Exercise requirements: Exact duplicates of the lines from the top of the data through the line containing "계룡시는 지난 24일" are needed, with every picture left out.

Information provided:

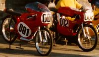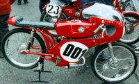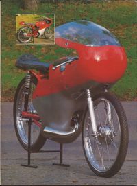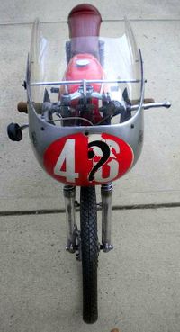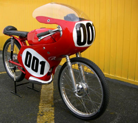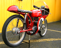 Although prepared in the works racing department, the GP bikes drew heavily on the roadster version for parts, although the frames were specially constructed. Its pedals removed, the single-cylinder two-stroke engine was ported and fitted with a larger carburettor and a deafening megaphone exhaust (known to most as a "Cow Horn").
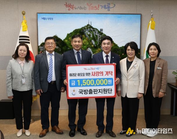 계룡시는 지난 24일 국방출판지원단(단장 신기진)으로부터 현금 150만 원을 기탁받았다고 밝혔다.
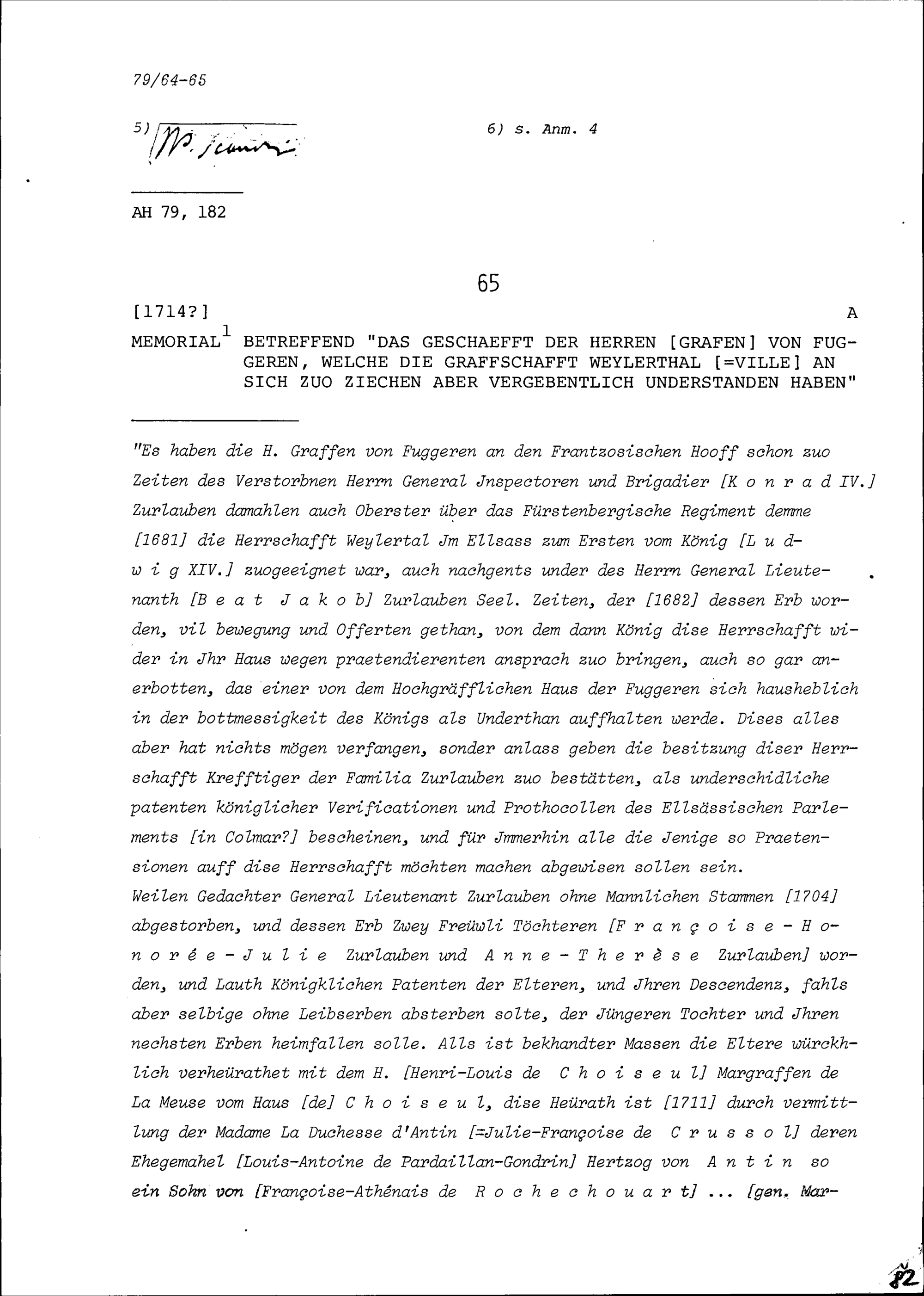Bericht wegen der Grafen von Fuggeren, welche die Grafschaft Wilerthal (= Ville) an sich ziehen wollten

Response for this exercise:
 Although prepared in the works racing department, the GP bikes drew heavily on the roadster version for parts, although the frames were specially constructed. Its pedals removed, the single-cylinder two-stroke engine was ported and fitted with a larger carburettor and a deafening megaphone exhaust (known to most as a "Cow Horn").
 계룡시는 지난 24일 국방출판지원단(단장 신기진)으로부터 현금 150만 원을 기탁받았다고 밝혔다.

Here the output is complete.